INSTRUCTIONS FOR THE TASK - The copy you give must match the lines from the top of the data through the line containing "Luftaufnahme vom Hauptstrand" exactly, and it must hold no pictures.

RECORDS TO PROCESS -
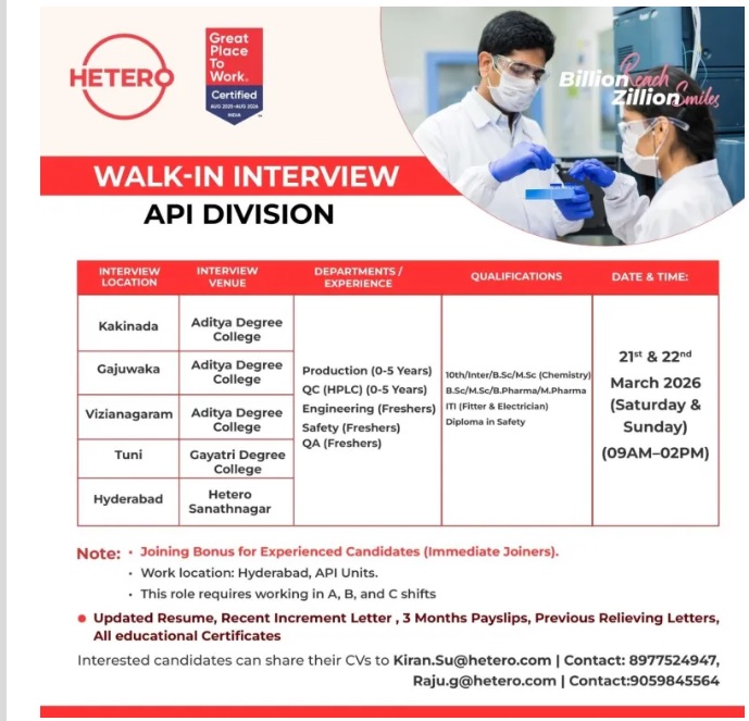 HETERO – Walk-In For Freshers & Experienced In Production / QC/QA/Safety / Engineering On 21st & 22nd Mar 2026 HETERO – Walk-In For Freshers & Experienced In Production / QC/QA/Safety / Engineering On 21st & 22nd Mar 2026 Post Views: 5 Job Category: Pharma Job Type: Full Time Job Location: Hyderabad Apply for this position Full Name *Email *Phone *Cover Letter *Upload CV/Resume *Allowed Type(s): .pdf, .doc, .docxBy using this form you agree with the storage and handling of your data by this website. *
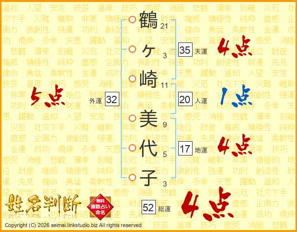 鶴ヶ崎美代子さんの総運は52画の4点!
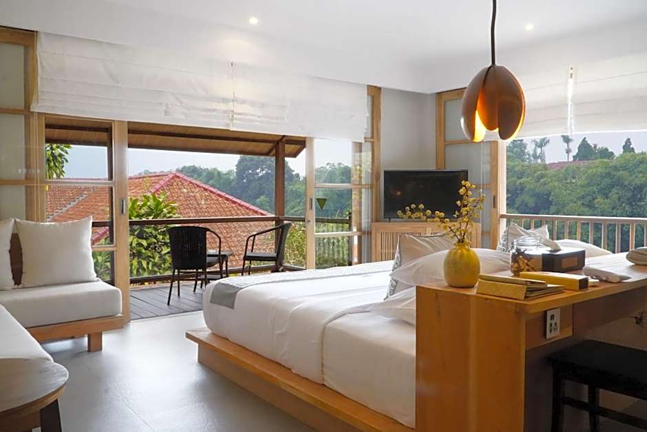 Newly renovated stylish contemporary design featuring wood and furniture, bring the room a modern twist in the middle of greenery scenery.
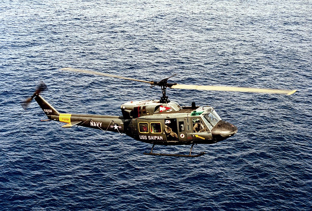 361k | A U.S. Navy Bell UH-1N Iroquois (BuNo 158256) "Twin Huey" helicopter assigned to USS Saipan (LHA-2) in flight during the NATO Southern Region
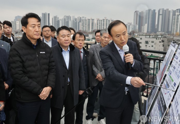 [서울=뉴스핌] 양윤모 기자 = 오세훈 서울시장이 25일 오전 서울 중랑구 중화동 중화마중마을활력소 옥상에서 329-38번지 일대 중화동 모아타운 사업추진현황을 브리핑 받고 있다. 중랑구 중화동 일대 모아타운은 4개 사업지에서 총 2295가구(임대 453가구)가 공급되며 사업지는 세입자가 이사할 때 이주비 등을 지원하고 용적률을 추가로 확보하는 ‘세입자 손실보상’ 제도가 적용된다. 2025.11.25 yym58@newspim.com
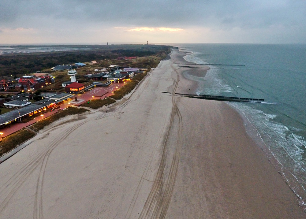 Luftaufnahme vom Hauptstrand und dem Surfstrand sowie darüber hinaus. Links die Gemeinde- und Kurverwaltung, die Signalstation und das Schwimmbad, im Hintergrund ragen die beiden Türme des Inselwestens empor.
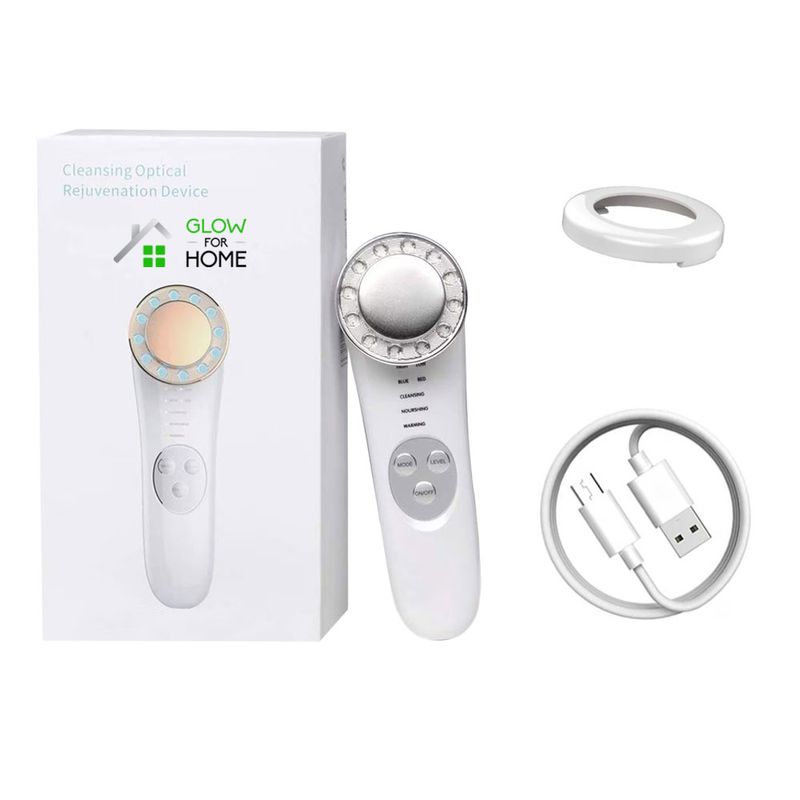 Aparat masaj facial, LED, Mezoterapie, Fototerapie,Lifting facial, Anti Rid, vibratii EMS, Microcurent, dispozitiv tratament si ingrijire faciala 5 in 1, Alb
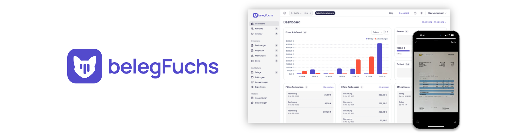 - Rechnungen schreiben: Erstellen Sie professionelle Rechnungen in wenigen Klicks und versenden Sie diese direkt aus der Software. Belegfuchs bietet Vorlagen und automatisiert die Berechnung von Umsatzsteuer und Skonti.
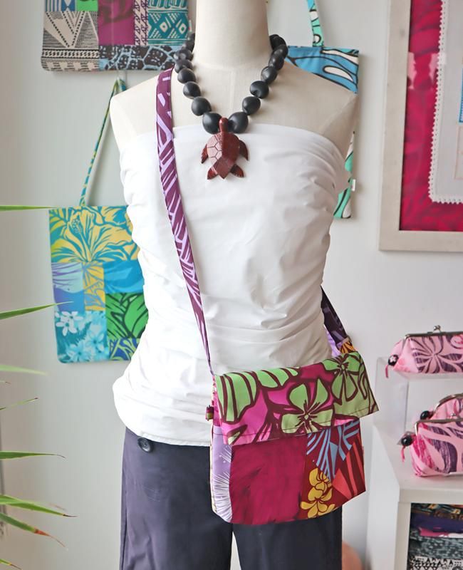 キルト作家さんとコラボして出来上がったオンリーワンのハワイアンパッチ・サコッシュ(大サイズ)です。
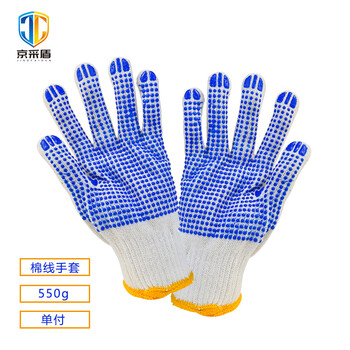 京采盾白色棉线劳保手套通用加厚耐磨点胶蓝色550g 单付(24付起订)
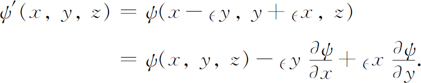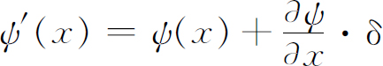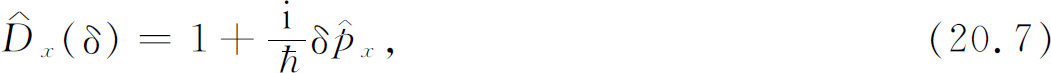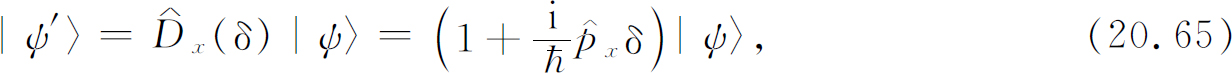 式中δ 是一个小位移。将状态|ψ 〉沿x 移动一小距离δ 得出一个新的态|ψ ′〉,我们说这一新态比原来的态增加了一点新的东西
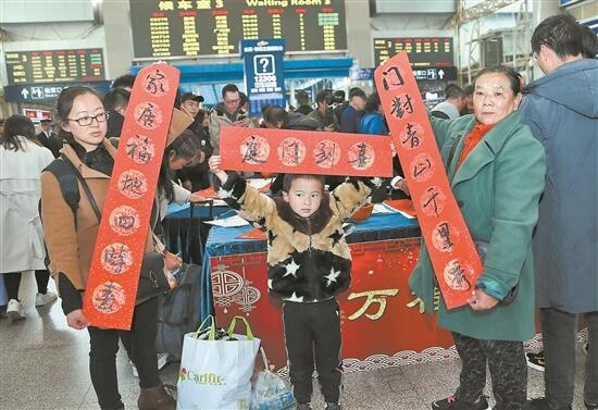 圖為中國鐵路昆明局集團公司在昆明站候車大廳開展《金花送萬福》活動,鐵路書法愛好者現(xiàn)場為旅客寫春聯(lián)送祝福。(記者 胡曉蓉 李承韓 張彤)
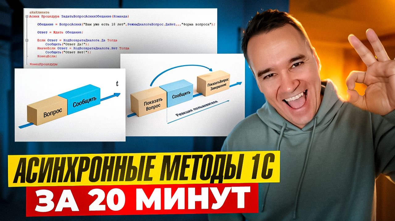 #Программирование1С #Конфигурирование1С #Обучение1С Все продукты в одном месте 👉 https://lp2.1s-up.ru/ ТГ-канал по программированию в 1С: https://t.me/Programming1CNizamutdinov В этом видео разберём, как работают асинхронные методы в 1С, чем они отличаются от синхронных и в каких случаях их стоит применять на практике. Покажу примеры использования асинхронных методов с описанием оповещения и с обещанием, разберём их логику шаг за шагом. Ролик будет особенно полезен тем, кто только начинает знакомиться с 1С и сталкивается с тем, что работа асинхронных методов кажется сложной и непонятной. 0:00:00 - Введение; 0:00:41- Применение синхронного метода; 0:06:55 - Асинхронный метод с описанием оповещения; 0:12:06 - Асинхронный метод с обещанием; Для тех, кто только начал изучать программирование в 1С: книга "Программировать в 1С за 11 шагов". Первые 4 главы БЕСПЛАТНО: http://lp.1s-up.ru/programing_1c_11_steps_prima/ Промо-код на скидку: tube Присоединяйтесь к нам ВК: https://vk.com/1c_prosto Присоединяйтесь к нам в Фейсбуке: https://www.facebook.com/groups/922972144448119/ Присоединяйтесь к нам в ТГ: https://t.me/Programming1CNizamutdinov Ссылка на чат в ТГ: https://t.me/+CD9Wapqe3ZBlNDJi
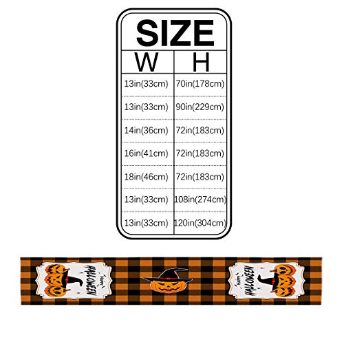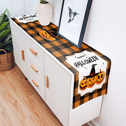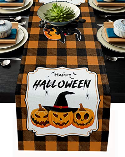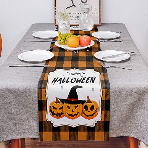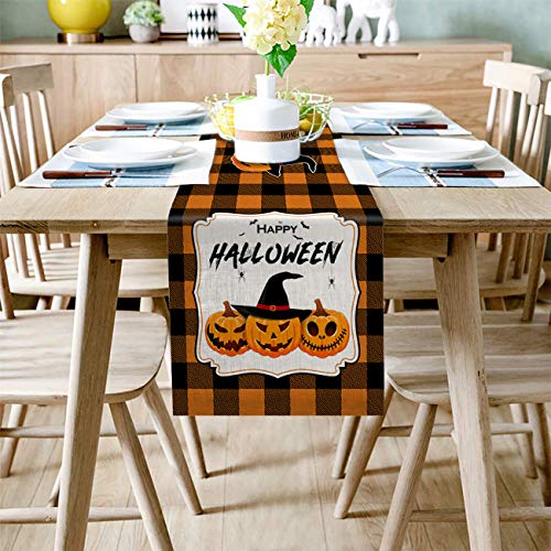 DoremiHome - مفرش طاولة من الخيش الكتاني لتزيين طاولة الطعام للاستخدام اليومي بتصميم بعبارة Happy Halloween، اغطية مائدة مقاس 18×72 بوصة لحفلات العشاء والمناسبات، نمط يقطين وخفاش وشبكة بلون برتقالي واسود
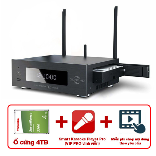 Combo karaoke + xem phim Dune HD Pro Vision 4K Solo (All in one) – HDD 4TB gồm:
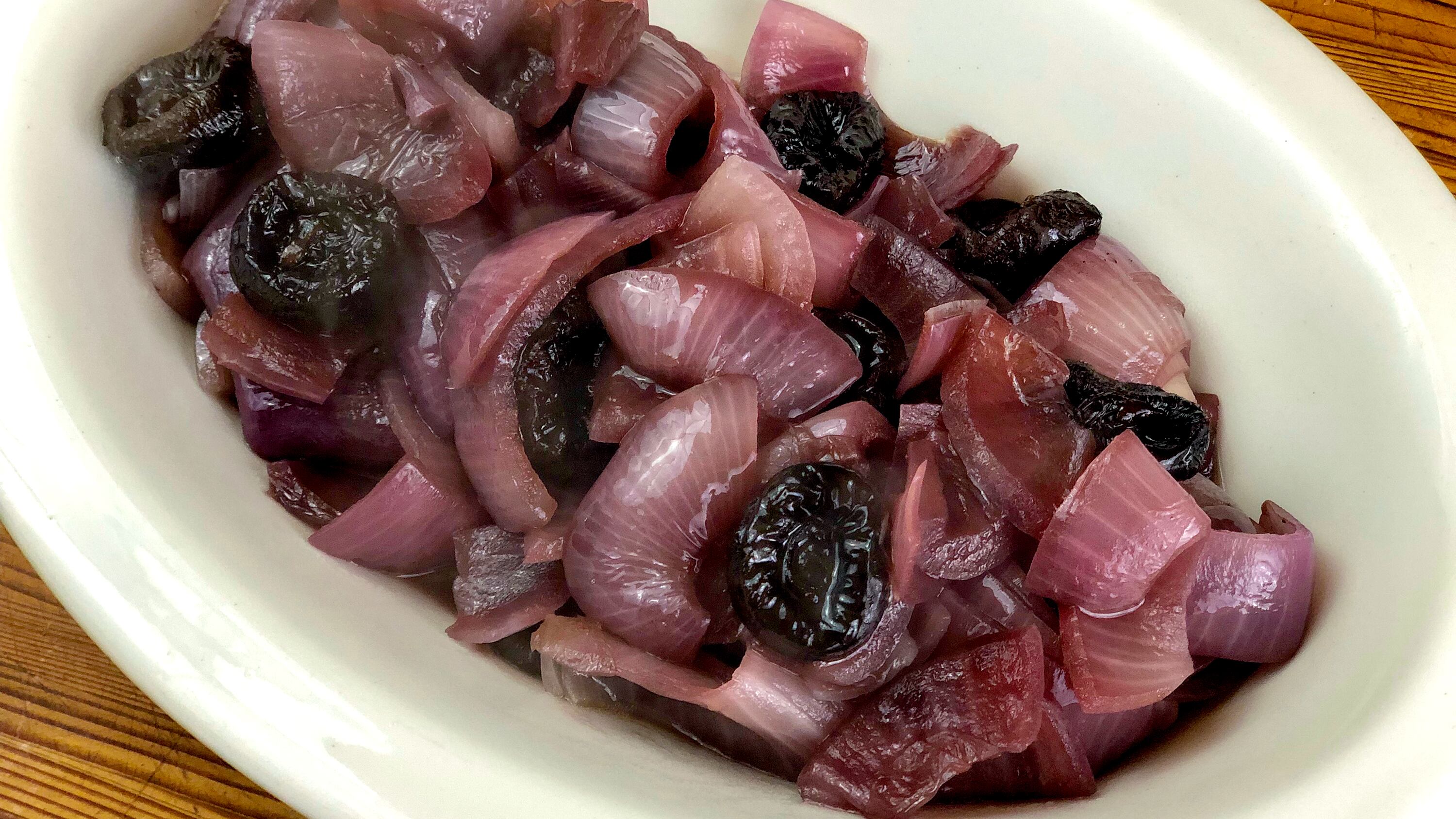 Onions Braised in Red Wine with Prunes
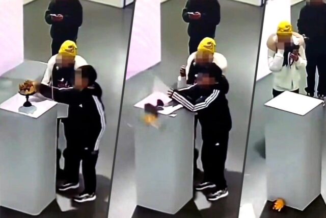 Rakaman CCTV menunjukkan ibunya yang sibuk mengambil gambar sementara anaknya sedang mengelap permukaan kotak pelindung agar gambar kelihatan lebih cantik. Malangnya, bekas pameran itu tidak dipasang dengan kukuh dan telah jatuh.
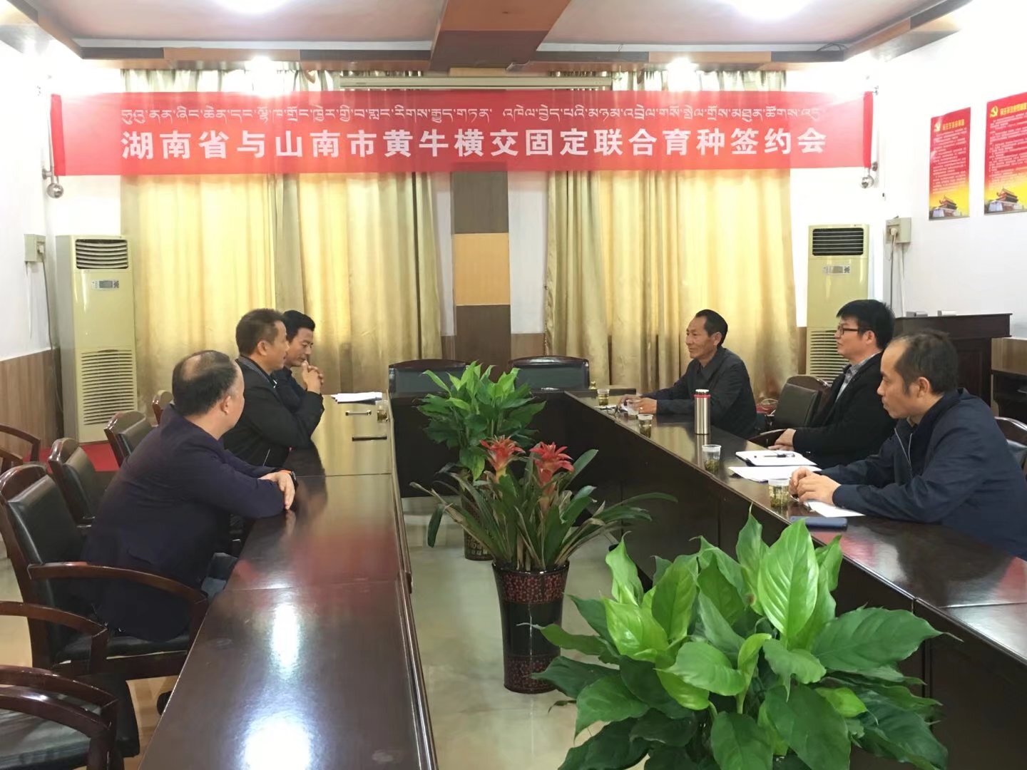 傅胜才所长指出,湖南省农委系统作为西藏山南市农牧局系统的对口支援单位,前后八批次选派了相关专业技术人才和管理干部到山南市开展援藏工作,效果显著,增进了湘藏两地的交流交融。这次联合育种项目又成功落户湖南光大牧业科技有限公司,这是湖南农业援藏的新思路和新举措,我所将按照省农委的统一安排和部署,发挥自身科技人才优势和科研实力,集中人员、技术、设备等资源,大力支持联合育种项目的实施,确保项目成功并取得实效,促进山南市黄牛改良事业快速、健康、科学、有序发展。下一步还将在专业技术援藏工作方面继续加强与西藏山南市畜牧兽医总站的合作,相互交流、加强合作、加深友谊,共同谱写湘藏农业交流交往交融的新篇章。
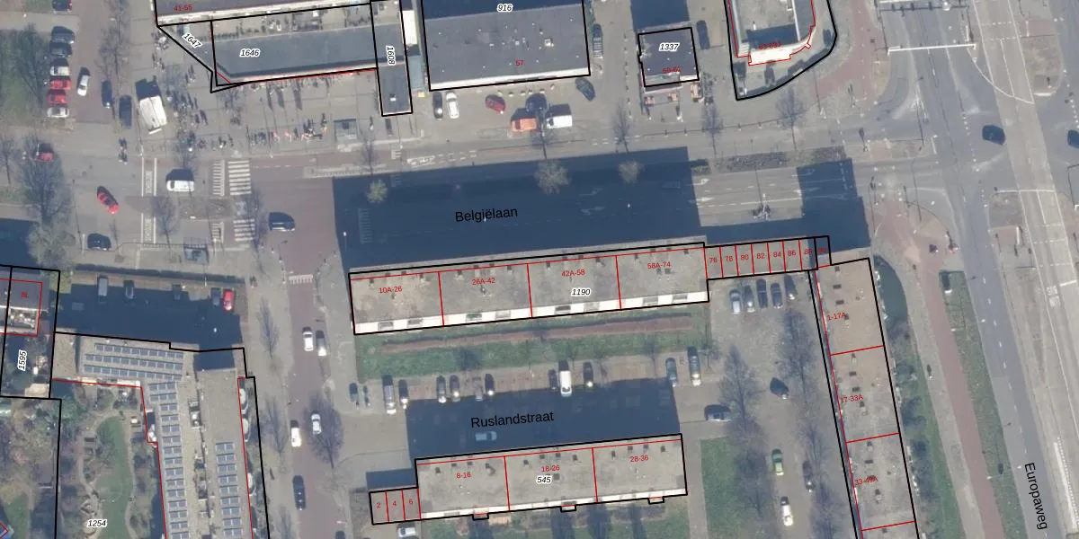 Het perceel waarop Belgiëlaan 42-A staat heeft een oppervlakte van 864 m². Dit is een groot perceel. De perceeloppervlakte wordt geregistreerd door het Kadaster. Gedetailleerde informatie over de maten van dit perceel kunt u vinden in het rapport Kadastrale kaart met maatvoering van Belgiëlaan 42-A.
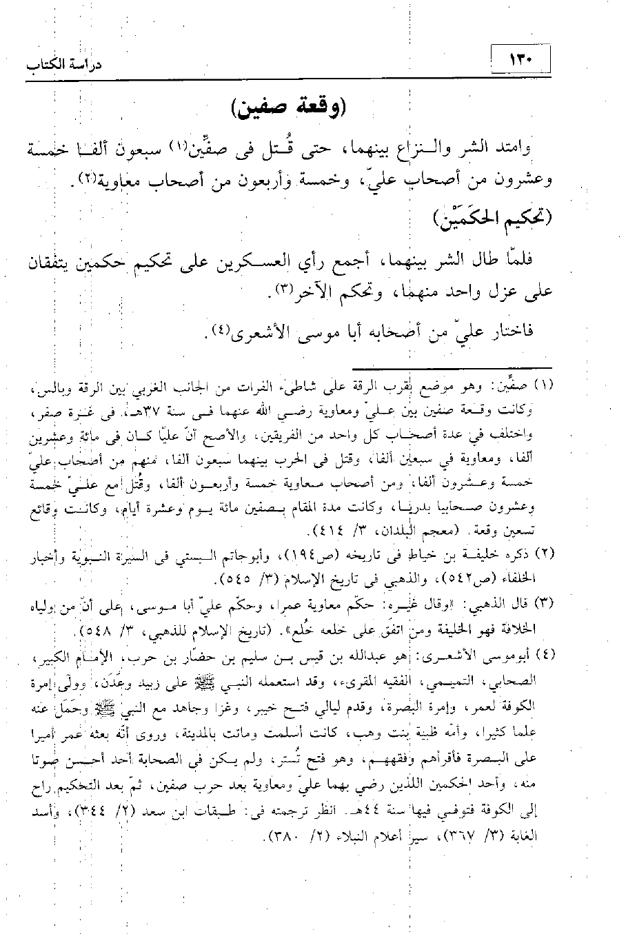 وامتد الشر والنزاع بينهما حتى قتل في صفين سبعون ألفا، خمسة وعشرون من أصحاب علي وخمسة وأربعون من أصحاب معاوية. فلما طال الشر بينهما أجمع رأي العسكرين على تحكيم حكمين يتفقان على عزل واحد منهما ويحكم الآخر. فاختار علي من أصحابه أبا موسى الأشعري.
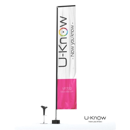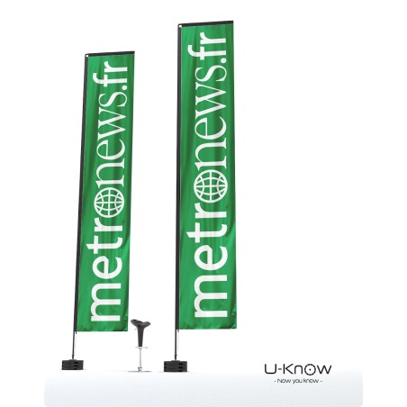 Beach flag en H ou rectangulaire de 7m de hauteur. Voile oriflamme en matière 100% polyester 115g/m². Seule une impression recto seule est possible. L'impression est réalisée en quadri numérique et visible au verso par transparence. Le fourreau noir de la voile est renforcé et fabriqué dans un polyester Oxford 300 D. Le mât est en fibre de carbone (très résistant). Le mât se fixe sur le croisillon acier monté sur un axe de rotation spécial à roulement à billes MATP90. Il convient de lester avec au moins 3 socles PVC Béton sans axe de rotation (réf:MATP31) pour obtenir une bonne résistance aux vents pour ces oriflammes géantes. Utilisation extérieure exclusivement. Garanti pour un vent inférieur à 70 km/h..Structure disponible sur stock dans notre entrepôt parisien, impression réalisée après validation de la commande

FINISHED TASK -
 HETERO – Walk-In For Freshers & Experienced In Production / QC/QA/Safety / Engineering On 21st & 22nd Mar 2026 HETERO – Walk-In For Freshers & Experienced In Production / QC/QA/Safety / Engineering On 21st & 22nd Mar 2026 Post Views: 5 Job Category: Pharma Job Type: Full Time Job Location: Hyderabad Apply for this position Full Name *Email *Phone *Cover Letter *Upload CV/Resume *Allowed Type(s): .pdf, .doc, .docxBy using this form you agree with the storage and handling of your data by this website. *
 鶴ヶ崎美代子さんの総運は52画の4点!
 Newly renovated stylish contemporary design featuring wood and furniture, bring the room a modern twist in the middle of greenery scenery.
 361k | A U.S. Navy Bell UH-1N Iroquois (BuNo 158256) "Twin Huey" helicopter assigned to USS Saipan (LHA-2) in flight during the NATO Southern Region
 [서울=뉴스핌] 양윤모 기자 = 오세훈 서울시장이 25일 오전 서울 중랑구 중화동 중화마중마을활력소 옥상에서 329-38번지 일대 중화동 모아타운 사업추진현황을 브리핑 받고 있다. 중랑구 중화동 일대 모아타운은 4개 사업지에서 총 2295가구(임대 453가구)가 공급되며 사업지는 세입자가 이사할 때 이주비 등을 지원하고 용적률을 추가로 확보하는 ‘세입자 손실보상’ 제도가 적용된다. 2025.11.25 yym58@newspim.com
 Luftaufnahme vom Hauptstrand und dem Surfstrand sowie darüber hinaus. Links die Gemeinde- und Kurverwaltung, die Signalstation und das Schwimmbad, im Hintergrund ragen die beiden Türme des Inselwestens empor.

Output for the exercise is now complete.